The block diagram of the principal part of the atmospheric pressure matrix assistance laser desorption ionization mass spectrometer (AP-MALDI-MS) by one Example of this invention. Explanatory drawing of operation | movement of AP-MALDI-MS by a present Example. The flowchart which shows the characteristic control and processing operation of AP-MALDI-MS by a present Example. Explanatory drawing of operation | movement of AP-MALDI-MS by the other Example of this invention.

Explanation of symbols

DESCRIPTION OF SYMBOLS 1 ... Ionization chamber 2 ... Sample plate 3 ... Sample 4 ... Laser light source 5 ... Reflective mirror 6 ... Condensing lens 7 ... Heating capillary 10 ... First intermediate vacuum chamber 11 ... First ion lens 12 ... Skimmer 13 ... Orifice 14 ... First 2 Intermediate vacuum chamber 15 ... second ion lens 16 ... partition wall 17 ... analysis chamber 18 ... quadrupole mass filter 19 ... ion detector 20 ... A / D converter 21 ... data processing part 22 ... lens voltage generation part 23 ... excitation Voltage generator 24 ... Laser light irradiation control unit 25 ... Control unit 30 ... Resistance 31 ... DC power supply 32 ... Capacitor 34 ... A / D converter 35 ... Ion amount estimation unit

  An atmospheric pressure matrix-assisted laser desorption / ionization mass spectrometer (AP-MALDI-MS), which is an embodiment of a laser desorption / ionization mass spectrometer according to the present invention, will be described with reference to the drawings. FIG. 1 is a configuration diagram of a main part of the AP-MALDI-MS according to the present embodiment.

  In this AP-MALDI-MS, a partition wall is provided between the ionization chamber 1 which is an atmospheric atmosphere and the analysis chamber 17 where the quadrupole mass filter 18 and the ion detector 19 are installed. The first intermediate vacuum chamber 10 and the second intermediate vacuum chamber 14 are provided. The ionization chamber 1 and the first intermediate vacuum chamber 10 communicate with each other via a small heating capillary 7, and the first intermediate vacuum chamber 10 and the second intermediate vacuum chamber 14 are connected to the top of the skimmer 12. Communication is made through a formed through hole (orifice) 13 having a very small diameter.
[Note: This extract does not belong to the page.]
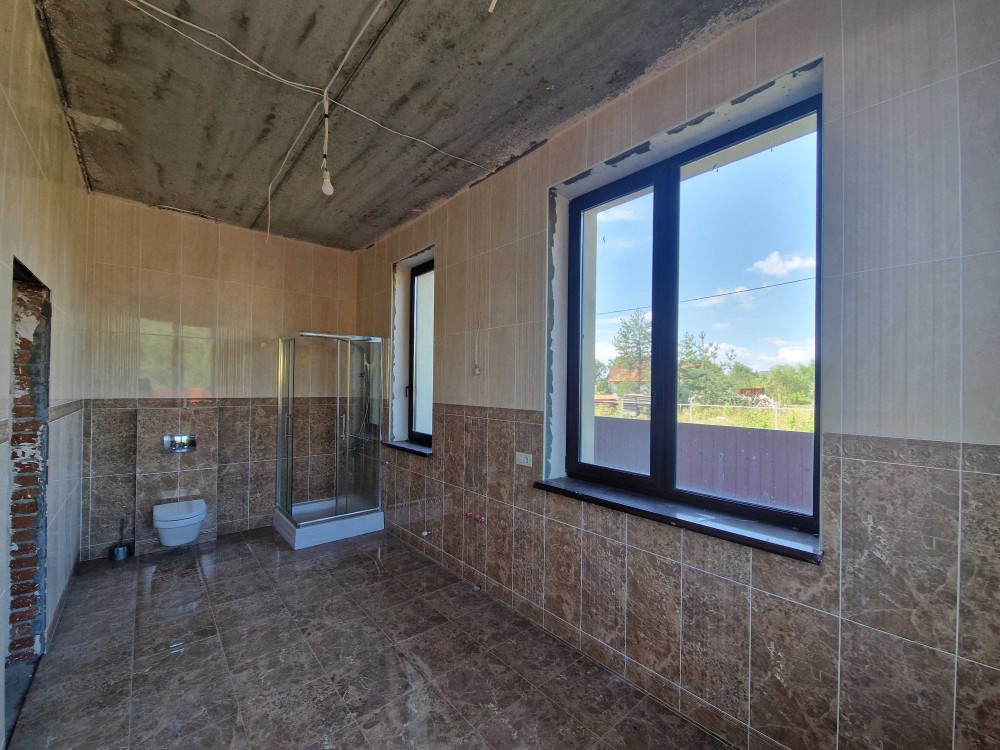 Дом с чистовой отделкой, разведена электрика, на стенах машинная штукатурка, стяжка на полу.

The inside of the ionization chamber 1 that is an ion source is in an atmospheric pressure atmosphere (about 10 ⁵ [Pa]), and the inside of the first intermediate vacuum chamber 10 in the next stage is reduced to about 10 ² [Pa] by a rotary pump (not shown). It is evacuated to a vacuum state. Further, the inside of the second intermediate vacuum chamber 14 at the next stage is evacuated to a medium vacuum state of about 10 ⁻¹ to 10 ⁻² [Pa] by a turbo molecular pump (not shown), and the inside of the analysis chamber 17 at the final stage is illustrated. It is evacuated to a high vacuum state of about 10 ⁻³ to 10 ⁻⁴ [Pa] by another turbo molecular pump that does not. That is, in this MS, the inside of the analysis chamber 17 in the final stage is subjected to a high vacuum by adopting a configuration of a multistage differential exhaust system in which the degree of vacuum is increased stepwise from the ionization chamber 1 toward the analysis chamber 17. I try to keep it in a state.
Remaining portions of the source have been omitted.